An ROIC higher than the cost of capital means the company is healthy and growing, while an ROIC lower than the cost of capital suggests the company is unsustainable and destroying value.
If we take the ratio of FB’s ROIC-to-WACC, we will derive a multiple of 2.2 times.
At the current share price of FB, its projected Enterprise Value is estimated at P231.9 billion. If we compare this against the company’s invested capital of P236.6, we will derive an EV-to-IC ratio of only 0.98 times.
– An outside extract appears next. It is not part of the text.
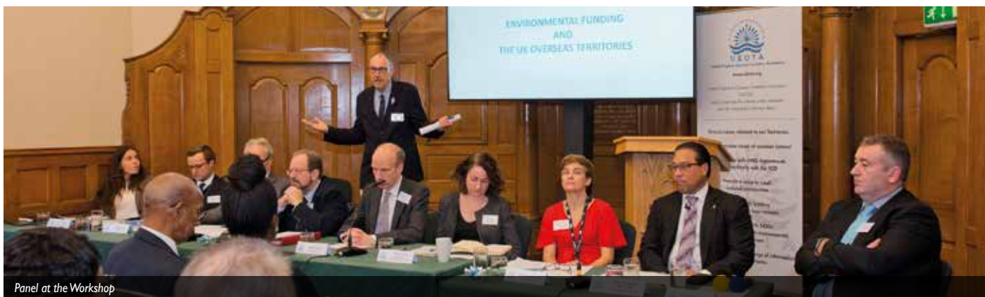
Panel at the Workshop

A networking session enabled delegates from the Territories to make contact with UK-based delegates. The UKOTA Environment Working Group continues to follow up on these discussions.

While FB’s ROIC-to-WACC at 2.2 times is remarkable, its pricing at EV-to-IC ratio of 0.98 times showed that the stock’s perceived value has fallen to low beyond its fundamentals, making the stock grossly undervalued.
Ideally, we need to equate FB’s EV-to-IC ratio to its ROIC-to-WACC ratio to reflect its true valuation. If FB’s EV-to-IC ratio is equal to ROIC-to-WACC ratio at 2.2 times, we should theoretically derive a fair value price for FB at P83.97 per share.
At this target price, the current price of FB offers 59 percent discount. Further breakdown of the stock towards P30 support should give an excellent opportunity for it to accumulate.